# running linux on PDA

## c-man

Is there a way to install linux inti a PDA?

----------

## Headrush

Which PDA? 

Some are already running Linux. (OpenZaurus for Zauruses of course  :Smile:  )

----------

## urbanomad

How about a Palm TX? Nice piece of hardware.

I've considered buying a Zaurus myself, but Sharp stopped making them, and that makes a hands-on trial almost impossible, so I don't really know how well it would work for me.

You'd think there would be more people putting out linux palms. The Nokia 770 would make a great palm if it had come with some sort of actual pda software.

On a related note, how hard is it to sync pdas with linux? Particularly Palm brand pdas.

----------

## Headrush

 *urbanomad wrote:*   

> How about a Palm TX?

 

Check out this: http://www.handhelds.org/moin/moin.cgi/SupportedHandheldSummary

Doesn't look like it runs Opie yet, but site might give links to GPE or another DE that works on your PDA.

----------

## phsdv

 *urbanomad wrote:*   

> How about a Palm TX?

 Download the garux file + root.ext from http://mem0.com/ put it on your SD card. Launch garux on your palm and you have linux + gpe running on your TX. Not everything is working yet, but it is getting there!
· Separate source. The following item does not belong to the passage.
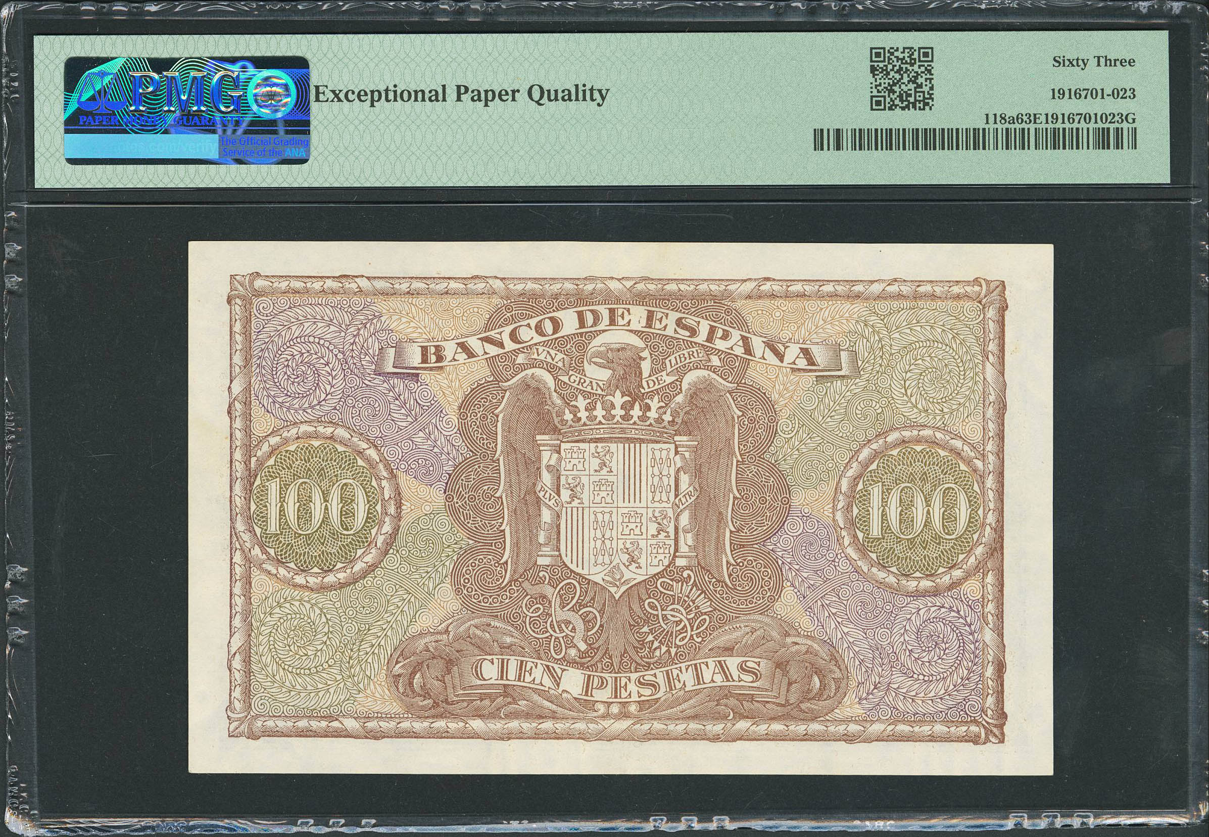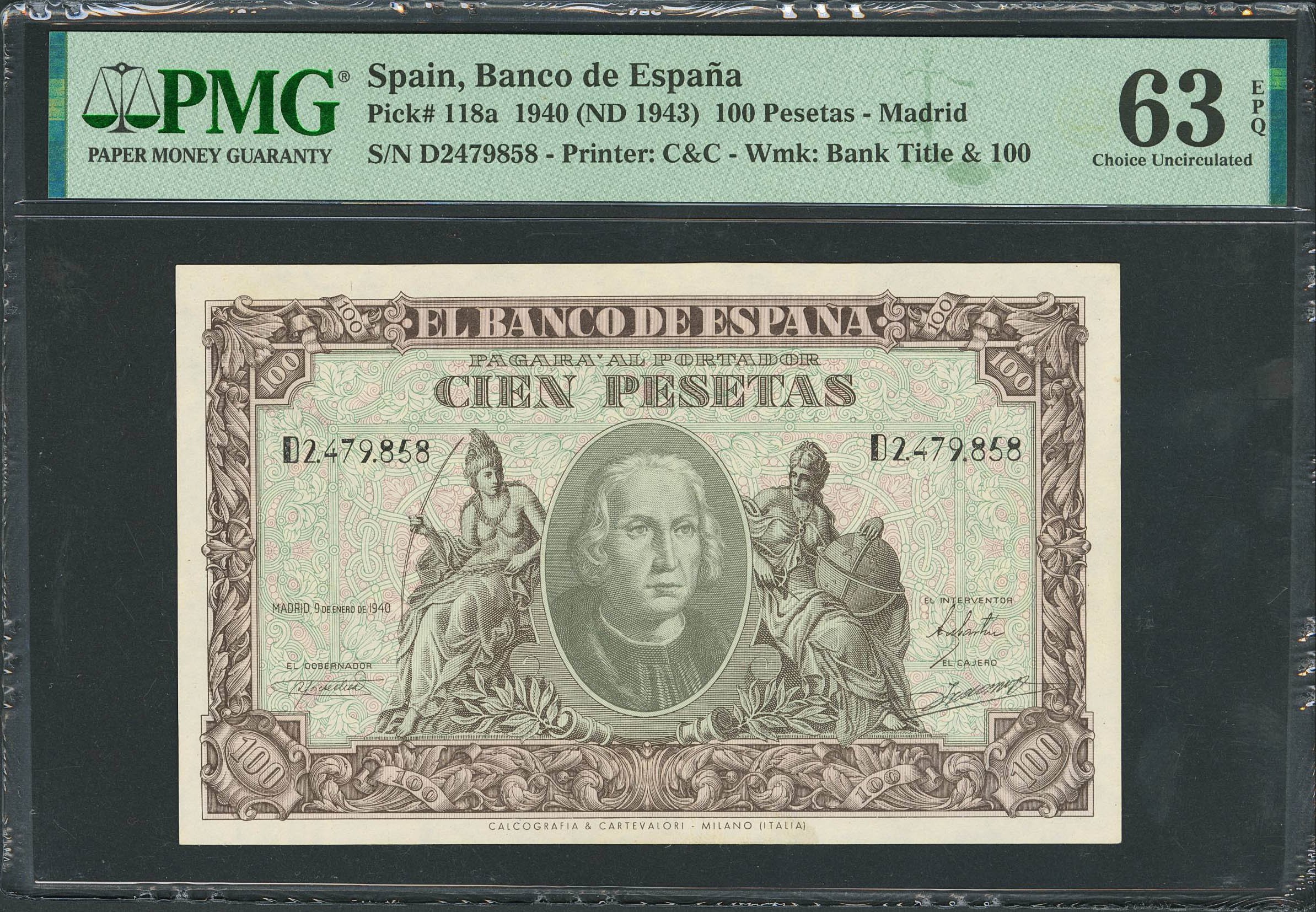 100 Pesetas. January 9, 1940. Series D. (Edifil 2023: 438a, Pick: 118a). Very rare in this exceptional quality, original sizing. Uncirculated. PMG63EPQ package.

Someone is working on getting Gentoo working on linux-palm, see this thread[hackndev.com]

----------

## mem0

My site (http://mem0.com) is for Palm TX users, I have a tx and work on the port. 

The main palm linux site (that i use and is the basis of the stuff on my site) is

http://www.hackndev.com has linux ports for pretty much all other ARM based palms(T|T3, Lifedrive, T|T2, Zire, etc.), downloads, and active boards.

----------

## cylgalad

PalmOS 6 has been scraped in favor of a Linux-based OS "Access Linux Platform"

 *Quote:*   

> 
> 
> As you may be aware, last November, PalmSource (NASDAQ: PSRC), provider of Palm OS®, a leading operating system powering next-generation phones and mobile devices, was acquired by ACCESS Co., Ltd., (Tokyo Stock Exchange: 4813) [...] 
> 
>  Going forward, ACCESS remains fully committed to supporting developers on the Palm OS Garnet platform, and the Developer Programs team will continue to provide developer support for Palm OS Garnet throughout its lifecycle. In addition, at the recent 3GSM wireless show in Barcelona, PalmSource announced its new, next-generation operating system--ACCESS Linux Platform (ALP). Some details on ALP: 
> ...

 

----------

## urbanomad

Too bad Palm hasn't actually said they're interested in Palm OS's new linux based OS. When I talked to Palm Source at Linuxworld this year, they told me Palm had not officially said they were planning on building any hardware on their new linux based OS. He said there would be devices using their linux based OS by 2007, but he couldn't give me any specific names. I'm very skeptical as to whether Palm will actually use it, seeing as how their last Treo shipped with Windows as the OS, and there have been rumblings in the industry that Palm is changing their focus from PDAs to smartphones.

----------

## hamletmun

We will not give up.

Picture of PalmOS LifeDrive with Linux

http://hackndev.com/palm/ld

Wiki page about status, howtos, etc.

http://wiki.hackndev.com/index.php?title=LifeDrive

----------